Intraoperative photograph during VATS showing bleeding from metastatic mole in the left lower lobe of the lung.

Fig. 4

Histopathological examination of the resected tumor confirmed hydatidiform mole (HE × 40).

Discussion

Significant hemorrhage from metastatic mole is relatively uncommon. Evans et al. described a patient with massive intestinal hemorrhage from metastatic mole that was localized by angiography and controlled by segmental resection of jejunum (Evans et al., 1965). Method et al. reported successful embolization of metastatic vaginal lesions with gelfoam by selective angiography (Method et al., 1996). Cauhan et al. reported a case of sudden death due to haemoptysis resulting from a metastatic invasive mole (Chauhan et al., 2018). Our patient was successfully treated with partial resection of the bleeding tumor and additional 2 cycles of MTX.

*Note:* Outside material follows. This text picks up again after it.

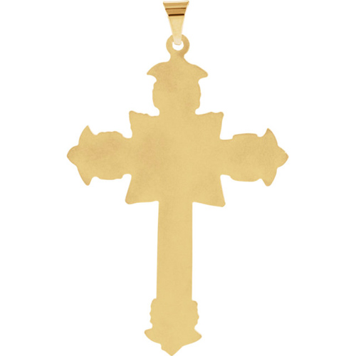 This very large budded cross pendant is made of solid 14k yellow gold. Item size: 1 1/4in x 1 3/4in without bail. Fits up to a 3mm wide chain. Weight: 6.86 grams. Made in USA.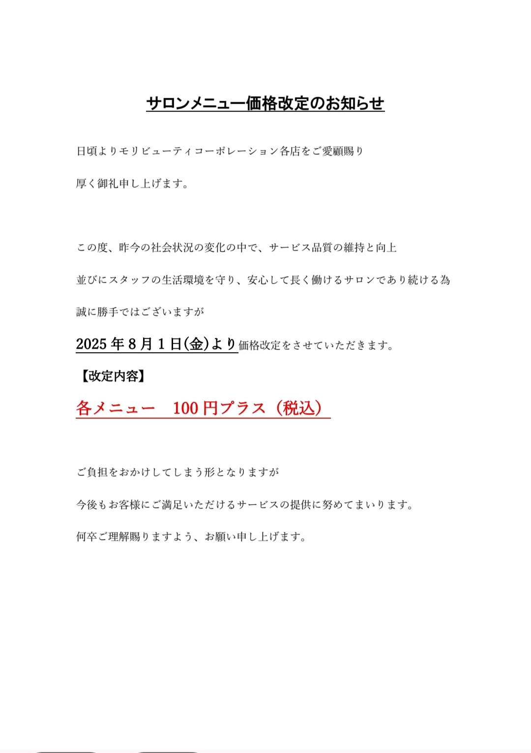 すべてのメニュー価格に +100円(税込) の改定を予定しております。

Chemotherapy of patients with invasive/metastatic mole may induce life-threatening bleeding due to necrosis in the highly vascular tumor (Method et al., 1996, Lurain et al., 1982). In addition, patients with aggressive and advanced tumors may experience hemorrhage irrespective of the treatment. In our patient, massive hemorrhage occurred 2 h after the first dose of MTX, which seemed to have induced life-threatening bleeding. Localized production of hCG by the uterine invasive mole may induce focal vascular changes including the formation of arteriovenous malformations (AVMs) in the uterus (Berndt et al., 2006). However, the formation of AVMs in the lung has been reported only rarely. The AVM might occur after chemotherapy due to necrosis but primary development before therapy would be uncommon (Choi et al., 2003, McDonald-Burrows et al., 2014). The diagnosis of a pulmonary AVM could not be established in our patient. Life-threatening hemorrhage in patients with invasive mole is relatively uncommon. However, most patients experienced hemorrhage before treatment or immediate after chemotherapy (Choi et al., 2003, McDonald-Burrows et al., 2014), as was in our patient. However, after the completion of the first chemotherapy, the risk of such bleeding would be reduced abruptly.

Local tumor excision or angiographic embolization is the treatment of choice for management of hemorrhage in patients with invasive mole. In our case, our radiologist advised against angiographic embolization because it may have taken some time to identify the bleeding artery; moreover, if the involved artery was very complicated, it may have necessitated extensive embolization. Accordingly, we opted for VATS to remove the metastatic hemorrhagic mole. Pulmonary AVM in metastatic mole and hemorrhage from pelvic invasive/metastatic mole may be good indications for radiological embolization (Method et al., 1996, McDonald-Burrows et al., 2014).

The gynecologic oncologist should keep in mind that although catastrophic hemorrhage is rare, life-threatening bleeding occurs in some patients with invasive/metastatic mole, and chemotherapy of the patients may induce life-threatening bleeding.

Author contribution

The work presented here was carried out in collaboration among all authors. YO, and YA designed methods, analyzed the data, interpreted the results, and wrote the manuscript. HY, YT, and WK are gynecologic oncologists who treated our patient. All authors are chief doctors for the patients and have read the manuscript, and approved this submission.

Declaration of Competing Interest

The authors declare that there is no conflict of interest regarding the publication of this paper.